CVE-ID: CVE-2016-0635

CWE-ID: CWE-200

Exploitation vector: Network

Exploit availability: No

Vulnerable software:
Primavera P6 Enterprise Project Portfolio Management
Server applications / Other server solutions
Oracle Enterprise Manager Ops Center
Server applications / Remote management servers, RDP, SSH
Oracle Health Sciences Information Manager
/
Oracle Healthcare Master Person Index
Other software / Other software solutions
Oracle Insurance Rules Palette
Other software / Other software solutions
Oracle Retail Order Broker
Other software / Other software solutions
Primavera Contract Management PCM web services
Other software / Other software solutions
Oracle Financial Services Analytical Applications Infrastructure
Other software / Other software solutions
Oracle Documaker
Client/Desktop applications / Office applications
Oracle Insurance Calculation Engine
Client/Desktop applications / Office applications
Oracle Insurance Policy Administration
Web applications / Other software
Oracle Retail Integration Bus
Client/Desktop applications / Messaging software
Oracle Agile PLM Framework
Universal components / Libraries / Software for developers
Oracle Commerce Guided Search
Web applications / E-Commerce systems

Vendor: Oracle

Description
The vulnerability allows a remote attacker to obtain potentially sensitive information.

The vulnerability exists in Primavera P6 Enterprise Project Portfolio Management Web Access component. A remote authenticated attacker can gain elevated privileges by exploiting a flaw in the Primavera P6 Enterprise Project Portfolio Management Web access component.
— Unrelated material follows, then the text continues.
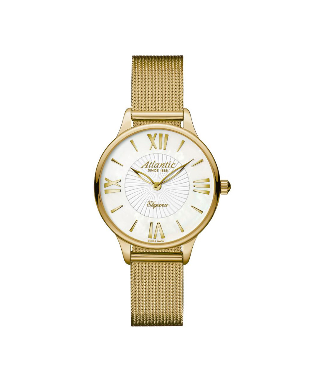 Zegarek Atlantic Elegance 29038.45.08MB to elegancki zegarek na złotej bransolecie typu mesh. Pozłacana koperta otrzymała rozmiar 34 mm, co jest wartością optymalną dla tego typu czasomierzy i wykonana została ze stali szlachetnej 316L. Stal jest materiałem bardzo wytrzymałym, poddającym się dość łatwej obróbce, co pozwala na tworzenie kopert i bransolet o niesamowitych kształtach. Wykonana z drobnych ogniw meshowa bransoleta, została idealnie dopasowana do obudowy, dzięki czemu możemy liczyć na bardzo wysoki komfort użytkowania. Na uwagę zasługuje bardzo wygodne zapięcie, które ułatwia zakładanie i zdejmowanie zegarka. Tarcza otrzymała wyraziste indeksy oraz wskazówki w złotym kolorze, które idealnie kontrastują ze srebrną, bardzo czytelną tarczą zegarka. Odpowiednio wykonany cyferblat ożywia czasomierz i nadaje mu odpowiedniego charakteru. W celu zapewnienia odpowiedniej przejrzystości oraz wytrzymałości Atlantic stosuje najwyższej jakości szkła szafirowe, które oferują celującą wręcz odporność na zarysowania. Wodoszczelność została ustalona na poziomie 30 m/3 ATM, co wydaje się być wartością wręcz idealną. Zachlapanie, mycie rąk a nawet deszcz nie będą mieć wpływu na pracę mechanizmu. Czasomierz napędzany jest poprzez najwyższej jakości szwajcarski mechanizm kwarcowy zasilany baterią. Jest to oczywiście mechanizm, który zapewni nam precyzję i dokładność chodu na najwyższym poziomie.

Successful exploitation of this vulnerability may result in disclosure of system information

Mitigation
The vendor has issued a fix as part of the July 2016 Oracle Critical Patch Update.

Vulnerable software versions

Primavera P6 Enterprise Project Portfolio Management: 8.2.0.0 - 16.1.0.0

Oracle Enterprise Manager Ops Center: 12.1.4 - 12.3.2

Oracle Health Sciences Information Manager: 1.2.8.3 - 3.0.1.0

Oracle Healthcare Master Person Index: 2.0.12 - 4.0.1

Oracle Documaker: 12.3 - 12.4

Oracle Insurance Calculation Engine: 9.7.1 - 10.2.2

Oracle Insurance Policy Administration: 9.6.1 - 10.2.2

Oracle Insurance Rules Palette: 9.6.1 - 10.2.2

Oracle Retail Integration Bus: 15.0

Oracle Retail Order Broker: 5.1 - 15.0

Primavera Contract Management PCM web services: 14.2

Oracle Agile PLM Framework: 9.3.4 - 9.3.5

Oracle Commerce Guided Search: 3.1.1 - 11.2

Oracle Financial Services Analytical Applications Infrastructure: 8.0.0 - 8.0.3

External links
http://www.oracle.com/technetwork/security-advisory/cpujul2016-2881720.html

Q & A

Can this vulnerability be exploited remotely?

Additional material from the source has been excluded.